When an axolotl loses a limb, this is no cause to panic. It simply regrows a new one.
Muscle, bone, nerves, skin — rebuilt from scratch, perfectly arranged, toe by toe, joint by joint. Over the course of weeks, a fully formed limb emerges, indistinguishable from the original. To the salamander, this act of regeneration is routine. To us, it’s a biological miracle.
Scientists have marveled at this feat since Aristotle first described a lizard regrowing its tail thousands of years ago. But the deeper question has always been: how does the body know what to grow, and where? Which signals tell cells to make an elbow here, a wrist there, and five tiny toes at the end?
That ancient mystery now has a modern update. In a new study, a team of researchers at Northeastern University has traced this regenerative map to a molecule familiar to anyone who’s ever used anti-acne cream: retinoic acid. This chemical, a derivative of vitamin A, seems to act as a sort of internal GPS, telling cells where they are and what structure is missing.
What’s remarkable is not just the precision of this system, but its simplicity. Much of the hard work of regrowth — sculpting tissue into fully formed limbs — might boil down to tweaking the levels of a single molecule and the gene that controls it.
In other words, regeneration isn’t magic. It hinges on memory. Molecular memory. And the salamander’s cells remember very well.
The Molecular Compass of Regeneration
Retinoic acid was previously well-known for its role in embryonic development. It’s also the active ingredient in the acne drug Accutane, among many other skin care products.
In axolotls, retinoic acid acts like a molecular GPS. Its concentration changes along the length of a regenerating limb, helping cells determine their location and what structures they need to build. Higher levels of the molecule signal a more “shoulder-like” position; lower levels point toward the fingers.
But this gradient doesn’t happen on its own. A protein called CYP26B1 is vital for breaking down retinoic acid. Where this enzyme is more active, retinoic acid levels drop, creating a biochemical map of the limb.
When Monaghan’s team suppressed CYP26B1, they observed something astonishing. The regenerating limb lost its positional sense and began forming duplicate, misplaced segments — essentially, extra bones growing where they shouldn’t.
At a molecular level, this disruption triggered abnormal expression in genes involved in limb formation, including Meis1 and Shox, two homeobox genes already known to shape skeletal development.
In one experiment, the researchers deleted the Shox gene using CRISPR. The animals still regenerated their limbs, but the limbs were stunted, with shortened upper arms and forearms. The hands, however, developed normally. This shows that Shox is meant for forming the stylopod (upper limb) and zeugopod (forearm), but not the digits.
Interestingly, humans with mutations in SHOX can develop short stature and malformed limbs — a rare but real medical condition. The fact that axolotls use this gene in similar ways is a tantalizing sign that our own bodies may retain ancient, latent blueprints for limb regrowth.
Could We Regrow Limbs Too?
Monaghan is cautiously optimistic.
“It could help with scar-free wound healing but also something even more ambitious, like growing back an entire finger,” Monaghan says. “It’s not out of the realm [of possibility] to think that something larger could grow back like a hand.”
Retinoic acid is already present in the human body.
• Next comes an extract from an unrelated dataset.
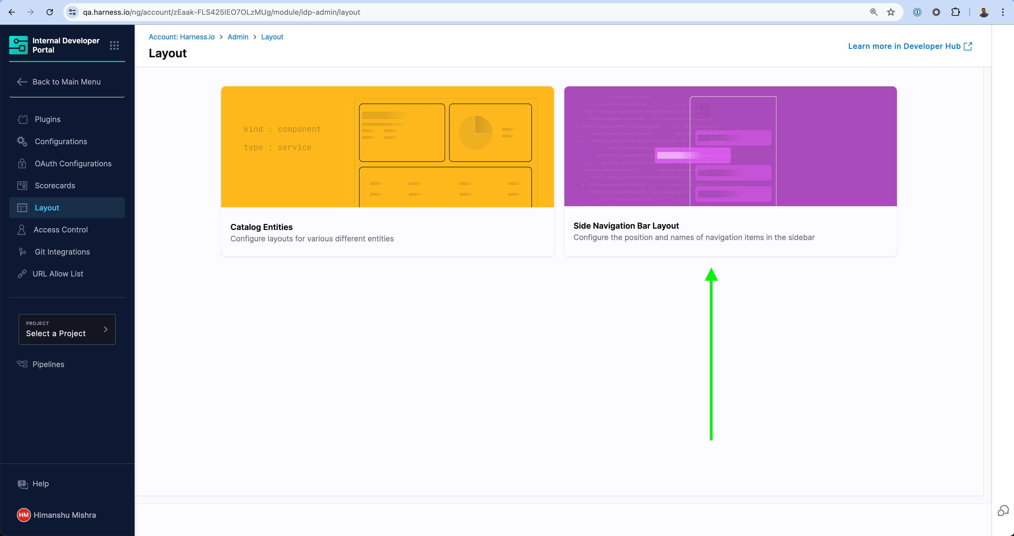 You can access the Sidenav Layout editor by navigating to Harness IDP and choosing Admin from the sidebar.

Our fibroblasts — connective tissue cells — use it during development. But in adults, when we lose a limb, those cells build scar tissue instead of new bones and muscles.
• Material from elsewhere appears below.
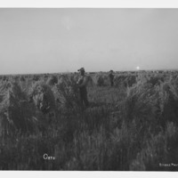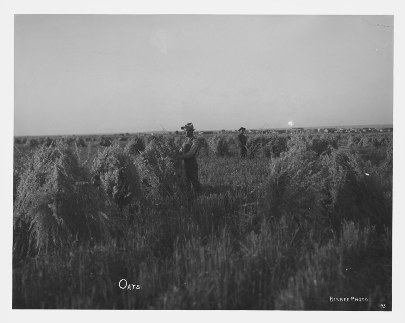 - "Oats;" Two men stacking sheaves of oats in a field on the Twin Falls Tract. Town in background.

What sets axolotls apart is not that they have a special gene humans lack. Instead, it’s that their cells “listen” to signals like retinoic acid and respond by switching on a developmental program, as if the limb were being formed from scratch.
“The cells can interpret this cue to say, ‘I’m at the elbow, and then I’m going to grow back the hand’ or ‘I’m at the shoulder. I have high levels of retinoic acid, so I’m going to then enable those cells to grow back the entire limb,'” Monaghan says.
This idea of reawakening embryonic programs in adult cells to regrow lost limbs may not be so “impossible” as previously believed. The study shows that even modest shifts in the body’s signaling chemistry can dramatically reshape tissues.
The Next Frontiers
The road to human limb regeneration is long. But every step — understanding the chemical gradients, the role of key genes like Meis1 and Shox, and the enzymes that regulate them — is building the foundation.
Other labs are joining the chase. McCusker’s own team recently mapped out how limbs figure out which side is up or down — a separate challenge in regeneration. And an Austrian team recently identified feedback loops that give axolotl cells a kind of “memory” of what used to be there.
Still, Monaghan’s study stands out for showing that just tweaking one enzyme can reprogram an entire limb’s identity.
But there are still questions. Why exactly do salamanders retain this regenerative power while humans don’t? Can we make our own cells pay attention to these ancient molecular cues again?
“If we can find ways of making our fibroblasts listen to these regenerative cues, then they’ll do the rest,” said Monaghan.
The findings appeared in the journal Nature Communications.